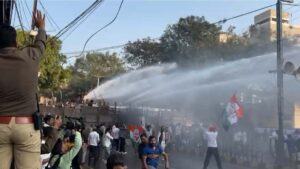 छत्तीसगढ़ युवा कांग्रेस ने आज मुख्यमंत्री निवास का घेराव करने का आह्वान किया. बड़ी संख्या में युवा कांग्रेस कार्यकर्ता नगर निगम गार्डन से सभा कर मुख्यमंत्री निवास की ओर कूच करने निकले हैं. मुख्यमंत्री निवास की ओर बढ़ते कार्यकर्ताओं को रोकने के लिए पुलिस ने सख्त रुख अपनाया. पुलिस ने प्रदर्शनकारियों को रोकने के लिए वॉटर कैनन का इस्तेमाल किया, जिससे प्रदर्शनकारी कार्यकर्ता आक्रोशित हो गए. इस दौरान कार्यकर्ताओं और पुलिस के बीच जमकर झूमाझटकी भी हुई.
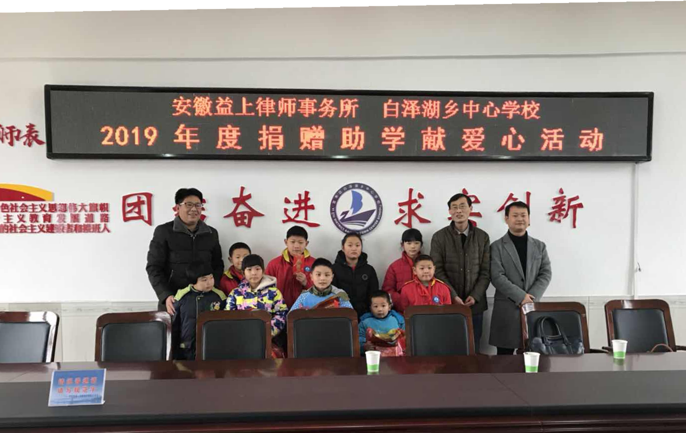 2019年2月1日上午,安徽益上律师事务所党支部书记徐孝云同志、副书记陈磊同志等一行前往安庆市白泽湖乡中心学校进行爱心助学活动,将书包等学习物资送到了孩子们的手中,并发放了助学金。
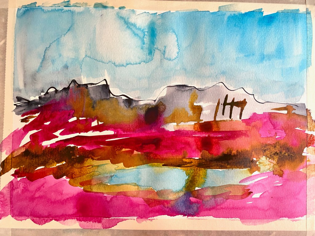 Great to be back following on-line classes after a big break! The other day, I decided to resume Tracy Verdugo’s Abstract Mojo classes. Introducing here a quick but fun painting from Unit 5 Lesson One “Abstracting the Landscape”, which was quite good timing because I have loads of beautiful landscapes from my holidays in France to share! The objective of the lesson was to revisit the line and color studies from the past lessons and as Tracy quotes “the use of dynamic expressive areas of color and mark making against more solid flat planes and how a balance of the two can make for a stunning successful abstract painting”. Sounds exciting!

## What is needed
With the images removed, reproduce all the material above word for word.

## Your solution
 छत्तीसगढ़ युवा कांग्रेस ने आज मुख्यमंत्री निवास का घेराव करने का आह्वान किया. बड़ी संख्या में युवा कांग्रेस कार्यकर्ता नगर निगम गार्डन से सभा कर मुख्यमंत्री निवास की ओर कूच करने निकले हैं. मुख्यमंत्री निवास की ओर बढ़ते कार्यकर्ताओं को रोकने के लिए पुलिस ने सख्त रुख अपनाया. पुलिस ने प्रदर्शनकारियों को रोकने के लिए वॉटर कैनन का इस्तेमाल किया, जिससे प्रदर्शनकारी कार्यकर्ता आक्रोशित हो गए. इस दौरान कार्यकर्ताओं और पुलिस के बीच जमकर झूमाझटकी भी हुई.
 2019年2月1日上午,安徽益上律师事务所党支部书记徐孝云同志、副书记陈磊同志等一行前往安庆市白泽湖乡中心学校进行爱心助学活动,将书包等学习物资送到了孩子们的手中,并发放了助学金。
 Great to be back following on-line classes after a big break! The other day, I decided to resume Tracy Verdugo’s Abstract Mojo classes. Introducing here a quick but fun painting from Unit 5 Lesson One “Abstracting the Landscape”, which was quite good timing because I have loads of beautiful landscapes from my holidays in France to share! The objective of the lesson was to revisit the line and color studies from the past lessons and as Tracy quotes “the use of dynamic expressive areas of color and mark making against more solid flat planes and how a balance of the two can make for a stunning successful abstract painting”. Sounds exciting!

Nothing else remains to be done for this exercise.